### Exercise instructions:
Please repeat each line below exactly, with no images in the copy.

(Recorded information begins)

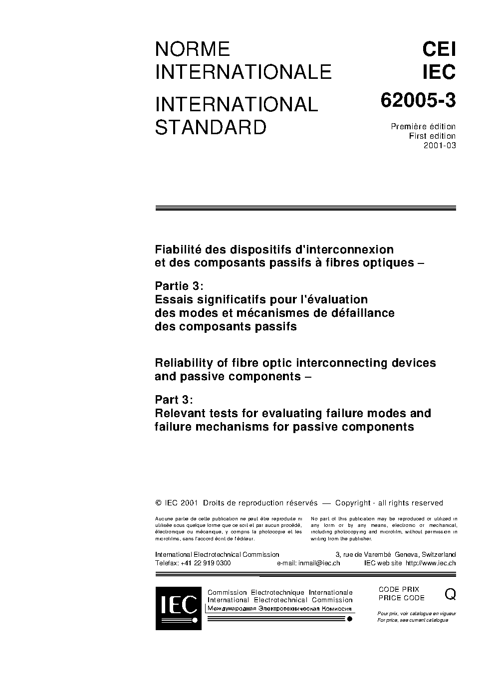 IEC 62005-3:2001 Reliability of fibre optic interconnecting devices and passive components - Part 3: Relevant tests for evaluating failure modes and failure mechanisms for passive components
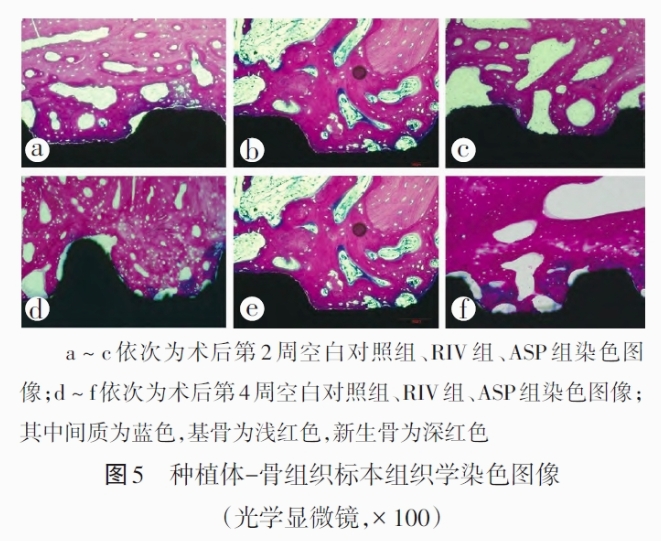 可清晰觀察到新生骨與基骨之間的界限,細(xì)長(zhǎng)的新生骨小梁相互交織,且大部分位于種植體螺紋腔內(nèi)。間質(zhì)內(nèi)有較多成骨細(xì)胞、成纖維細(xì)胞、血管及類(lèi)骨質(zhì)??瞻讓?duì)照組和RIV組相對(duì)于ASP組新生骨小梁較多,主要集中于種植體螺紋側(cè)壁上。術(shù)后第4周相較于第2周種植體周?chē)律橇考肮切×好芏让黠@增加。見(jiàn)圖5。
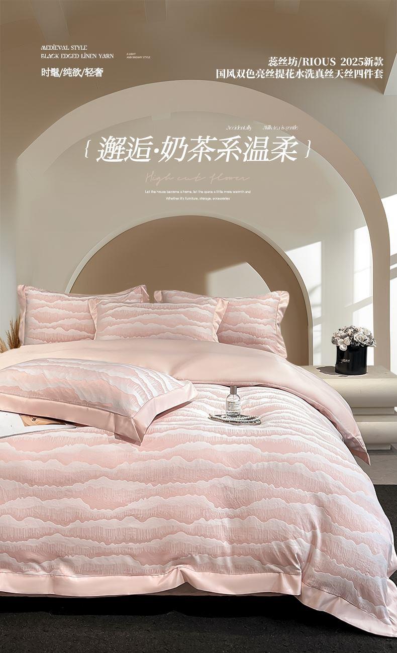 蕊丝坊家纺新款国风双色亮丝提花水洗真丝天丝四件套
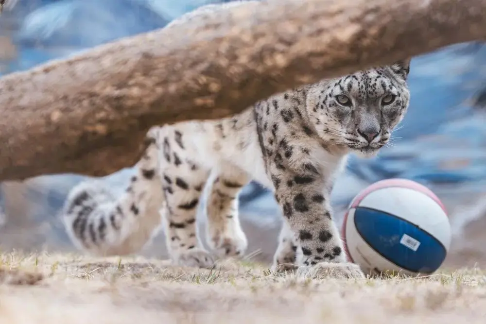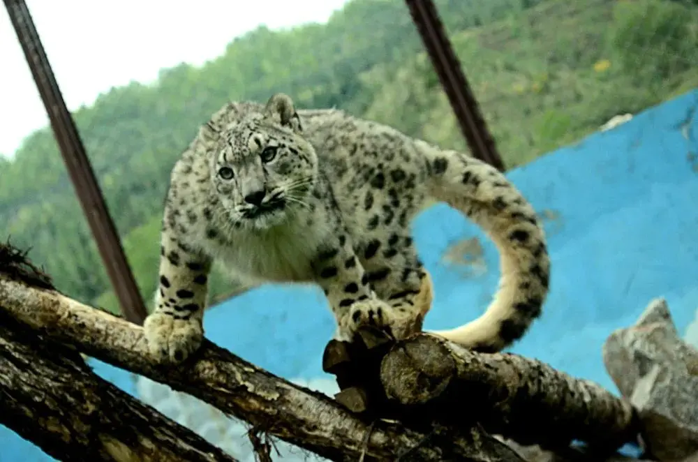 这是2017年拍摄的雪豹“傲雪”。一岁多的“傲雪”在西宁野生动物园雪豹馆的木头上玩耍。新华社发(西宁野生动物园供图)

(Recorded information ends)

### Answer section:
 IEC 62005-3:2001 Reliability of fibre optic interconnecting devices and passive components - Part 3: Relevant tests for evaluating failure modes and failure mechanisms for passive components
 可清晰觀察到新生骨與基骨之間的界限,細(xì)長(zhǎng)的新生骨小梁相互交織,且大部分位于種植體螺紋腔內(nèi)。間質(zhì)內(nèi)有較多成骨細(xì)胞、成纖維細(xì)胞、血管及類(lèi)骨質(zhì)??瞻讓?duì)照組和RIV組相對(duì)于ASP組新生骨小梁較多,主要集中于種植體螺紋側(cè)壁上。術(shù)后第4周相較于第2周種植體周?chē)律橇考肮切×好芏让黠@增加。見(jiàn)圖5。
 蕊丝坊家纺新款国风双色亮丝提花水洗真丝天丝四件套
 这是2017年拍摄的雪豹“傲雪”。一岁多的“傲雪”在西宁野生动物园雪豹馆的木头上玩耍。新华社发(西宁野生动物园供图)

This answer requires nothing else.